Fastest way to find all pairs of close numbers in a Numpy array

Question

Say I have a Numpy array of N = 10 random float numbers:

import numpy as np
np.random.seed(99)
N = 10
arr = np.random.uniform(0., 10., size=(N,))
print(arr)

out[1]: [6.72278559 4.88078399 8.25495174 0.31446388 8.08049963 
         5.6561742 2.97622499 0.46695721 9.90627399 0.06825733]

I want to find all unique pairs of numbers that are not different from each other more than a tolerance tol = 1. (i.e. absolute difference <= 1). Specifically, I want to get all unique pairs of indexes. The indexes of each close pair should be sorted, and all close pairs should be sorted by the first index. I managed to write the following working code:

def all_close_pairs(arr, tol=1.):
    res = set()
    for i, x1 in enumerate(arr):
        for j, x2 in enumerate(arr):
            if i == j:
                continue
            if np.isclose(x1, x2, rtol=0., atol=tol):
                res.add(tuple(sorted([i, j])))
    res = np.array(list(res))
    return res[res[:,0].argsort()]

print(all_close_pairs(arr, tol=1.))

out[2]: [[1 5]
         [2 4]
         [3 7]
         [3 9]
         [7 9]]

However, in reality I have an array of N = 1000 numbers, and my code becomes extremely slow due to the nested for loops. I believe there are much more efficient ways to do this with Numpy vectorization. Does anyone know the fastest way to do this in Numpy?

Jérôme Richard · Accepted Answer · 2021-11-28 20:11:53Z

7

One efficient solution is to first sort the input values using index = np.argsort(). Then, you can generate the sorted array using arr[index], and then iterate over the close values in quasi-linear time if the number of pair is small on a fast contiguous array. If the number of pair is big, then the complexity is quadratic due to the quadratic number of pair generated. THe resulting complexity is: O(n log n + m) where n is the size of the input array and m is the number of pair produced.

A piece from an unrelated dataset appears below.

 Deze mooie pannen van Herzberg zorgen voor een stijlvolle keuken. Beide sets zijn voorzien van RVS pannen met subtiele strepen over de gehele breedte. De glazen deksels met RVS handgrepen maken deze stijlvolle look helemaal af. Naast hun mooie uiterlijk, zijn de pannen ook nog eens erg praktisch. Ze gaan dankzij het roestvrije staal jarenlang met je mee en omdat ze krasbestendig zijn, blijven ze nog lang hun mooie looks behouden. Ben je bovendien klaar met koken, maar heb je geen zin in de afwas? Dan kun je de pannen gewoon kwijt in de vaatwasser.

To find values close to each other, one efficient way is to iterate over the value using Numba. Indeed, while it might be possible in Numpy, it will likely not be efficient due to the variable number of value to be compared. Here is an implementation:

import numba as nb

@nb.njit('int32[:,::1](float64[::1], float64)')
def findCloseValues(arr, tol):
    res = []
    for i in range(arr.size):
        val = arr[i]
        # Iterate over the close numbers (only once)
        for j in range(i+1, arr.size):
            # Sadly neither np.isclose or np.abs are implemented in Numba so far
            if max(val, arr[j]) - min(val, arr[j]) >= tol:
                break
            res.append((i, j))
    if len(res) == 0: # No pairs: we need to help Numpy to know the shape
        return np.empty((0, 2), dtype=np.int32)
    return np.array(res, dtype=np.int32)

Finally, the indices need to be update to reference the indices in the unsorted array and not the sorted one. You can do that using index[result].

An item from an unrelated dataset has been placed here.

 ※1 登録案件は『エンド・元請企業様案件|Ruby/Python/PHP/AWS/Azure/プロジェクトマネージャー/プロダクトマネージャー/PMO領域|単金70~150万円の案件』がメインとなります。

Here is the resulting code:

index = arr.argsort()
result = findCloseValues(arr[index], 1.0)
print(index[result])

Here is the result (the order is not the same as in the question but you could sort it if needed):

array([[9, 3],
       [9, 7],
       [3, 7],
       [1, 5],
       [4, 2]])

Improving the complexity of the algorithm

If you need a faster algorithm, then you can use another output format: you can for each input value provide the min/max range of values close to the target input value. To find the range, you can use a binary search (see: np.searchsorted) on the sorted array. The resulting algorithm runs in O(n log n). However, you cannot get the indices in the unsorted array since the range would be non contiguous.

Benchmark

Here are performance results on a random input with 1000 items and a tolerance of 1.0, on my machine:

Reference implementation:   ~17000 ms             (x 1)
Angelicos' implementation:    1773 ms           (x ~10)
Rivers' implementation:        122 ms           (x 139)
Rchome's implementation:        20 ms           (x 850)
Chris' implementation:           4.57 ms       (x 3720)
This implementation:             0.67 ms      (x 25373)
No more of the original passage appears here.